I nod too quickly, nearly choking on my fake laugh. “Yeah, I’m fine. Just tired.”
Dad chuckles. “Tired at your age? You should be bouncing off the walls.”
“Leave her alone,” Mum says, swatting his arm, but her eyes stay on me—concern, suspicion—I can feel it digging into my skin.
Kai stretches, casual as anything, and mutters, “She’s fine. Aren’t you, Scar?”
The way he says it—low, edged with something only I can hear—makes my stomach twist. Like he’s daring me to slip, to expose myself.
Another buzz rattles through my pocket. I flinch, biting down hard on my lip.
“Who keeps texting you?” Mum asks, as if it’s no big deal.
Heat floods my face. “Nobody. Just… notifications.” My laugh is brittle. “You know how it is.”
Dad shakes his head, muttering something about kids and their phones, but Kai’s still watching me, mouth curved in a smirk that doesn’t reach his eyes.

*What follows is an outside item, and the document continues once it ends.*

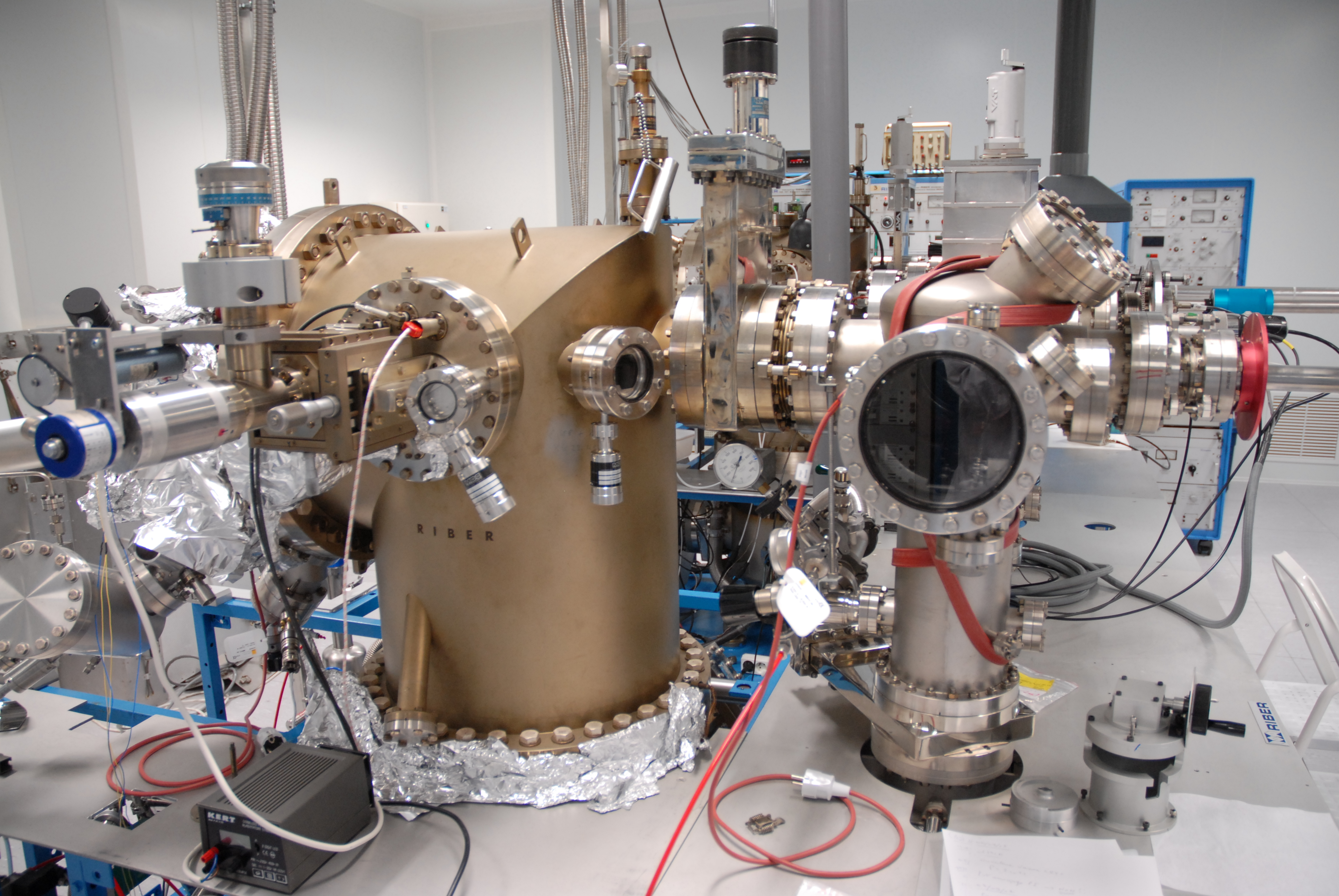 Molecular-beam epitaxy system at LAAS-CNRS technological facility in Toulouse, France.

The film keeps playing, voices and laughter rising again, but it feels like I’m underwater—every sound muffled by the pounding of my heart. Tyler’s words are waiting for me on that screen, and Kai’s stare pins me harder than any threat ever could.
I hug the pillow tighter to my chest, wishing I could vanish into the cushions.
But Kai leans forward, grabs a handful of popcorn, and without looking away from me says, “Yeah. She’s fine.”
And I swear I hear the unspoken words under it—for now.
I slip away the second the film ends, claiming I’m tired, but my heart is already slamming in my chest before I even reach the hallway. I don’t go upstairs. Not yet. I duck into the bathroom, lock the door, and press my back against it like I can barricade the entire world out.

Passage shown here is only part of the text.